Iran fired 9 ballistic missiles and 33 drones at the United Arab Emirates overnight Friday into Saturday 1. All 42 were intercepted. But interception is not immunity: debris from one shootdown ignited a fire at Fujairah's bunkering hub, one of the world's largest ship refuelling stations, handling roughly a quarter of global bunkering volume. Separately, a Dubai building facade was struck; no injuries were reported 2.
The IRGC declared US interests in the UAE — ports, docks, and military installations — "legitimate targets" 3. That language extends the stated target set beyond Al Dhafra Air Base, which hosts US F-35s and aerial refuelling aircraft near Abu Dhabi, to the commercial infrastructure that is the foundation of the UAE's economic model. Dubai's Jebel Ali is the Middle East's largest port. Abu Dhabi's Khalifa Port handles growing volumes of trade with Asia. Declaring these facilities targetable because they service US logistics transforms the UAE's commercial identity into a military liability.
The UAE's interception performance reflects investments accelerated after Houthi drone and missile attacks struck Abu Dhabi in January 2022, killing three workers and prompting an urgent expansion of THAAD and Patriot coverage. The cumulative Gulf air-defence tally now exceeds 3,100 Iranian missiles and drones intercepted since 28 February . But the Fujairah fire illustrates a problem that interception rates alone cannot capture: a bunkering hub does not need a direct hit to suffer disruption.
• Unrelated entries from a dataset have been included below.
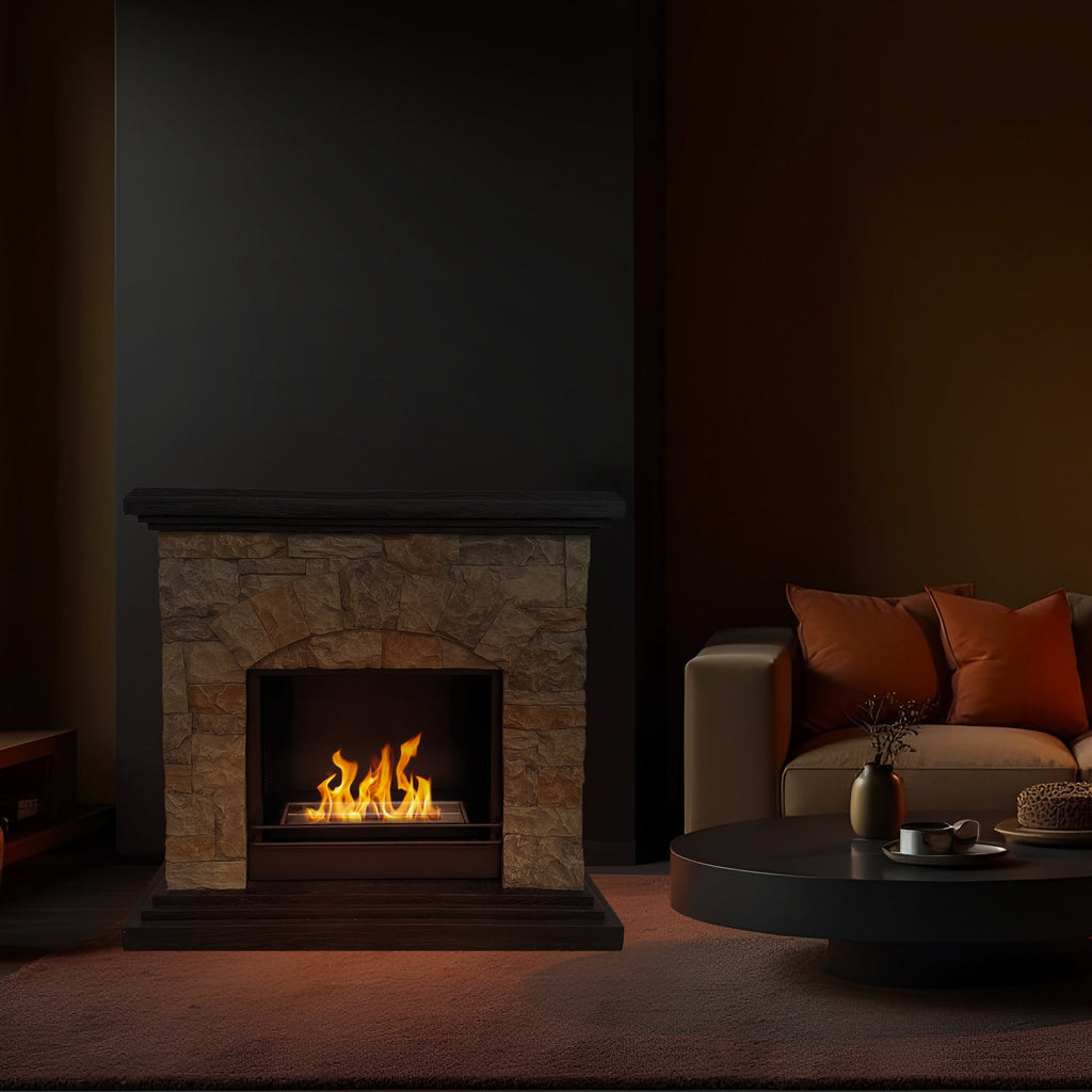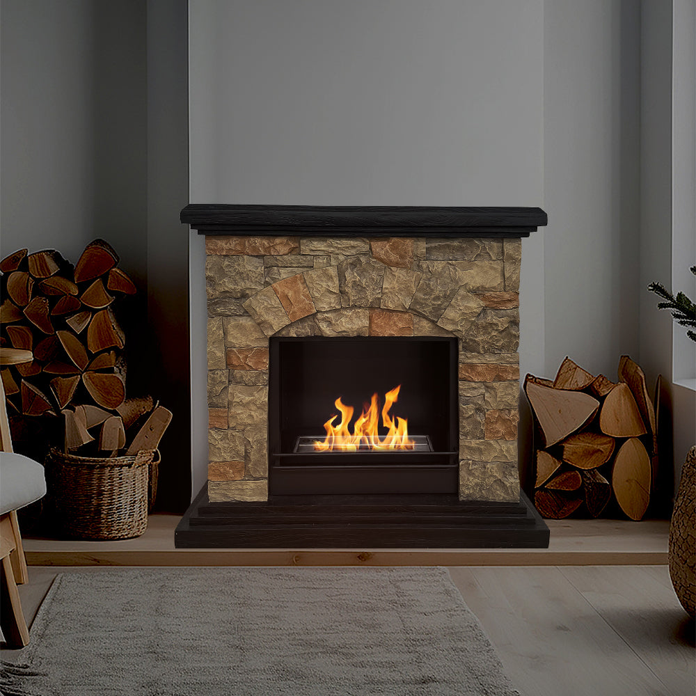 Camino a Bioetanolo da Pavimento 105x38x100 cm Belluno Effetto Finta Pietra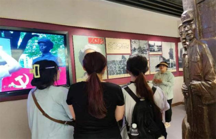 在紀念館內,隊員們被墻上掛著的烈士照片和事跡介紹深深吸引。他們了解到,雨花臺曾是國民黨反動派殺害革命斗士的刑場,數萬名共產黨人和愛國志士為了人民的解放事業在此獻出了寶貴的生命。尤其是那些年輕的面孔,他們大多風華正茂,卻為了理想與信仰,甘灑熱血,將生命熔鑄到了扶危救國的歷史使命中。在參觀過程中,成員們不僅親身感受了革命先烈們的英勇事跡,還積極向路人詢問他們對這段歷史的了解,共同回顧了那段光輝的革命歲月。其中一位年輕的路人表示到:“雖然我沒有親身經歷過那段歷史,但通過學習和參觀,我深刻感受到了革命先烈們的偉大與崇高。他們用自己的青春和熱血換來了我們今天的幸福生活,我們應該倍加珍惜。”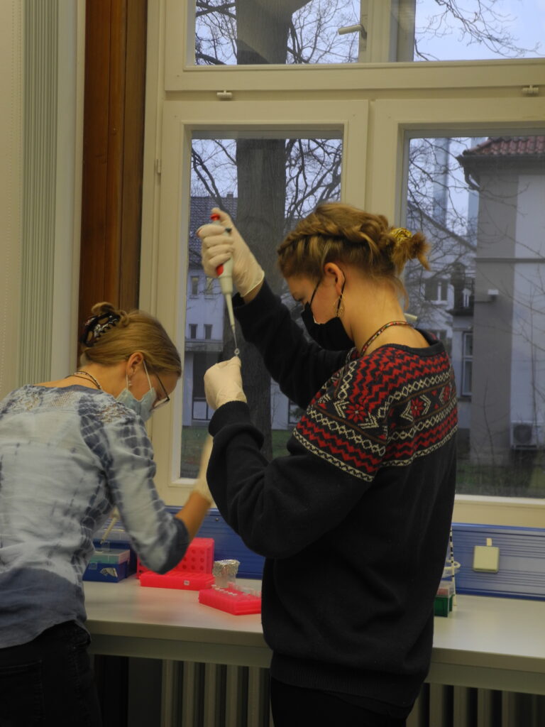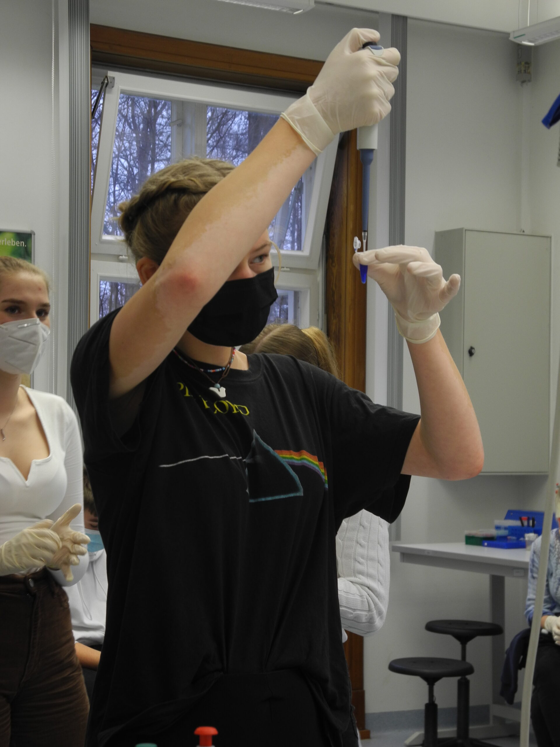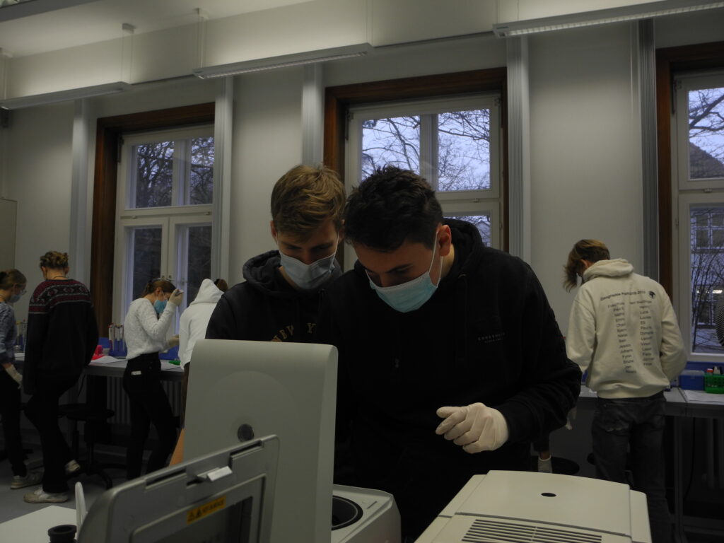 Begonnen haben wir mit der Durchführung einer PCR (Polymerase chain reaction, eine biochemische Kettenreaktion) von zwei Hausmäusen namens Agathe und Bruno. Hierbei war es erstaunlich, mit welcher Präzision man eigentlich arbeiten muss, um ein aussagekräftiges Ergebnis erzielen zu können.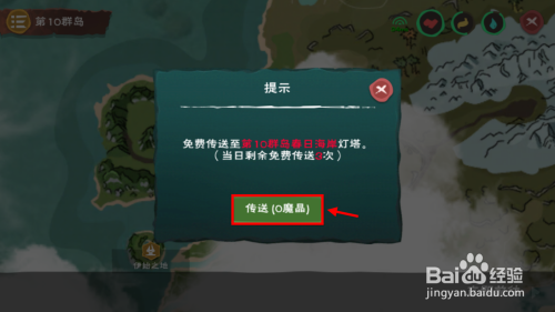 走到如下图所示位置点击采集手势,在菜单中点击“灯塔传送”,每日可免费传送3次,次日零点刷新次数,跨越3次每次传送花费25魔晶。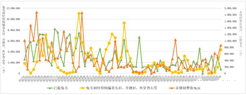 6月份整张兔皮进口额为291.82万元,较上月下降13.73%(图7)。

Falling debris, shrapnel, and secondary fires from successful intercepts can damage exactly the kind of exposed fuel infrastructure that Fujairah concentrates in a small coastal area. The UN Security Council resolution condemning attacks on Gulf states passed 13-0-2 four days earlier . Iranian Foreign Minister Araghchi's response on Saturday was to call on neighbouring states to "expel foreign aggressors" 4 — making the political demand that the military pressure is designed to enforce.